Once the technology from higher end TV sets trickles down to monitors, we should see monitors capable of 100hz and 120hz.

Before some of you throw a fit about how much you hate Sony/Samsung/Toshiba/whoever's 120hz mode and the fake frame creation, remember that those TVs are taking 50/60/24hz content and making up frames, whereas with gaming, etc, computers actually generate 120 discrete frames, so it would actually be beneficial to computer content. This is where displayport with it's ability to do 1080p@120hz may actually make itself useful.
 
honestly all i can do is tell you it i feel the diffrence as well as see it.

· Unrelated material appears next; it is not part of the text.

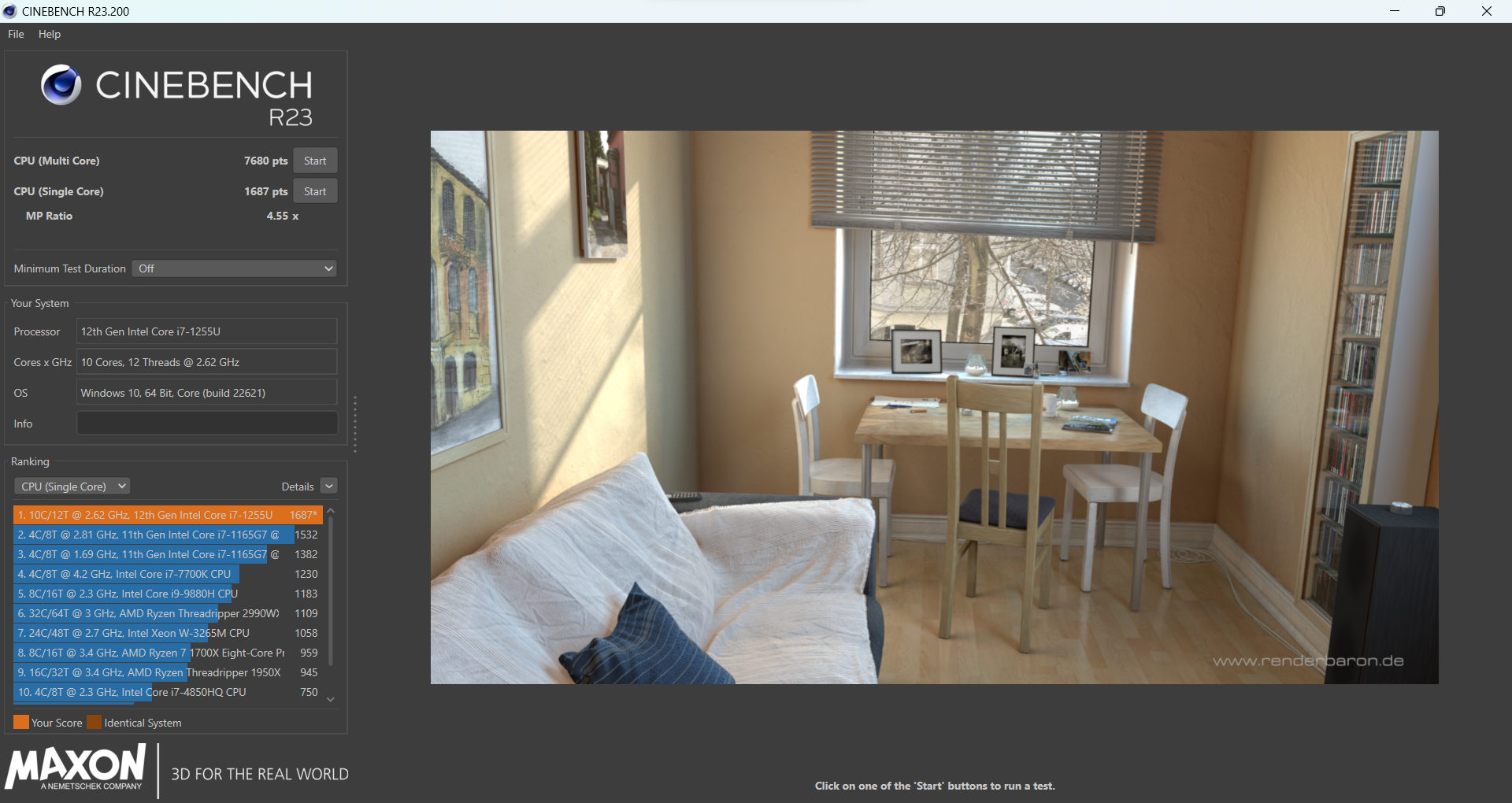 - Cinebench R23: 7680 pkt CPU Multi Core / 1687 CPU Single Core

why doesn't somebody write some software that sends one frame white then the other black rotating. then we can adjust the rate of our lcd to see if it works.
 
Man, your reading comprehension skills suck.

I said that removing the EDID pins won't change anything in the monitor, and it won't.

What's all that about building "rep" anyway? Why should that have anything to do with the truth?

I find it almost comical, that you think you can reduce ghosting by raising the refresh rate on your LCD, when the industry has been trying all sorts of crap for years to reduce it to no avail. You even said yourself it's the brain that causes it. But 13hz is going to improve it? Right.
 
Man, your reading comprehension skills suck.

I said that removing the EDID pins won't change anything in the monitor, and it won't.

What's all that about building "rep" anyway? Why should that have anything to do with the truth?

I find it almost comical, that you think you can reduce ghosting by raising the refresh rate on your LCD, when the industry has been trying all sorts of crap for years to reduce it to no avail. You even said yourself it's the brain that causes it. But 13hz is going to improve it? Right.

Dudes you are both pissing in the wind. He in no way said he can reduce ghosting.
He is clearly not english native speaking so there is a bit of a language barrier in understanding what he has written and his understanding of what you have written.

You have both raised some excellent issues and given some good information.
Its best left there.

Thanks to you both for some pretty good stuff.
 
Have no idea why i didn't think about taht test. and yes the higher i go the smoother the block is and less pronounced.

also the scaler itself doesnt have as much proccessing on these small squares. a full screen image test would be needed
 
i agree no more arguinge i'm sorry if i offended you vick1000 you clearly know alot yourself. to each his own. I apprecaite your info
 
would this prevent my screen from bringing up a warning dialog and shutting down automatically when i bring my refresh rate too high with powerstrip?
 
Hello, I'm from future :)
I was able to push an LG W2252TQ to 75Hz at native over DVI
Technically, it's not "pushing it" as it's natively rated for 75Hz.
Anyway, I have this monitor for some time and in terms of image quality, it is better than most today (budget) monitors, even after all those years. But anyway, I'd want to know how can I push it further, behind that 77Hz wall it natively allows. (for me it's 77Hz, where it works, but at 78Hz it says out of range).
But my main question is, can I damage my monitor by running it at high refresh rates? I have read here that yes, but also people saying it won't damage it at all. Right now, I have got just to 72Hz which is limitation of my single-link DVI. Btw, I heard they can get damaged by heat, but mine isn't heating up that much, and at lower brightness it's cold.